Two Caveats Worth Knowing
The GenAI semantic conventions are still in Development status as of SemConv v1.40.0. They are stable enough to use in production today, but attribute names could change before they reach Stable. If you build automation on specific attribute names, account for that.
The specialized Jaeger GenAI UI is in progress, not shipped. Jaeger v2.15.0 handles GenAI span ingestion correctly but the token-aware visualization and agentic flow view are coming in a future release. The standard Jaeger trace view works fine in the meantime — just not optimized for agent workflows yet.

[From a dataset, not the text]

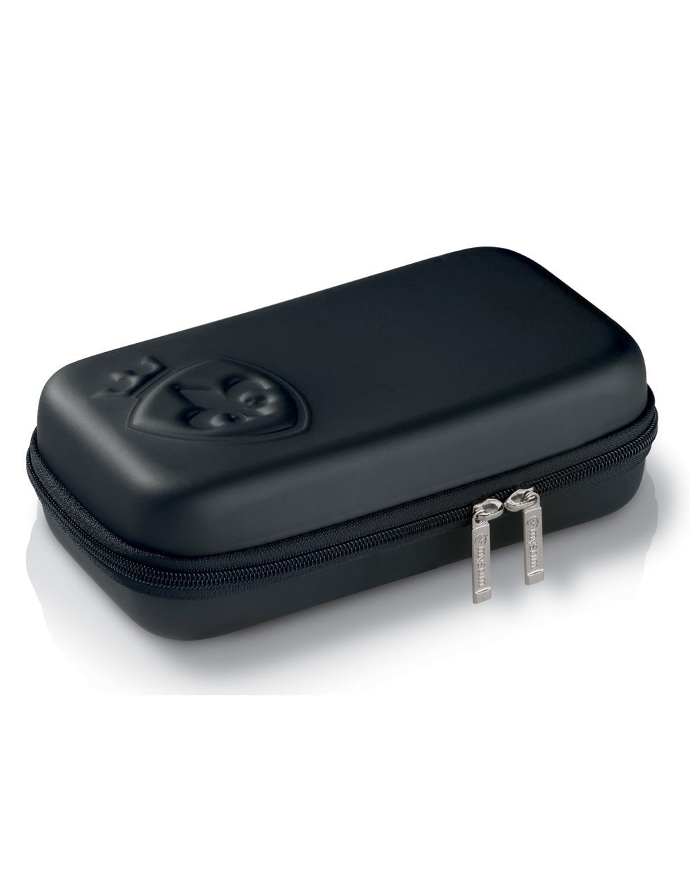 The Pubic Enemy No 2 is our neat and transparent cock cage with e-stim function: He lets you keep a boisterous willy pent up under lock and key so that he can't get stiff until the mistress, or the master, comes with the key and lets him out. With the urethral sound and its 3 conducting surfaces, left, right and under the penis shaft the prisoner can be treated to your heart's content with tingles, twitches or pulsations in precisely the intensity he deserves. In order to make him fit for any men's best asset, the length of our Pubic Enemy No 2 can be individually adjusted in 4 lengths and the diameter in 6 different steps. Because his urethral sound and conductive surfaces can be taken out in no time at all, our chastity belt for wayward gentlemen is perfect even for those who haven't yet discovered e-stim. And if a prisoner gets too cocky later, the conductivity can easily be restored. A metal lock with engraved mystim shield and a set of 5 plastic seals ensure there is no escape from the Pubic Enemy. For forgetful subs there are enough name plates with the line "hands off - this prisoner belongs to...", which fit into the holder of the cage. Just as a little reminder who owns the cage's content.

The Case for Instrumenting Now
Datadog, New Relic, and Dynatrace all natively support OTel GenAI semantic conventions today and have more mature GenAI dashboards than Jaeger does right now. If you need something polished immediately, those are valid choices.
The case for Jaeger is different: free, runs in your own infrastructure, and the instrumentation you write is OTel-standard. If you instrument your agent stack with OTel GenAI semconv today and export to Jaeger, you can switch to Datadog, Honeycomb, or any other OTel-compatible backend later without touching your application code. The standard is the asset, not the backend. That portability is worth building into your stack from day one, and Jaeger gives you a solid open-source way to do it.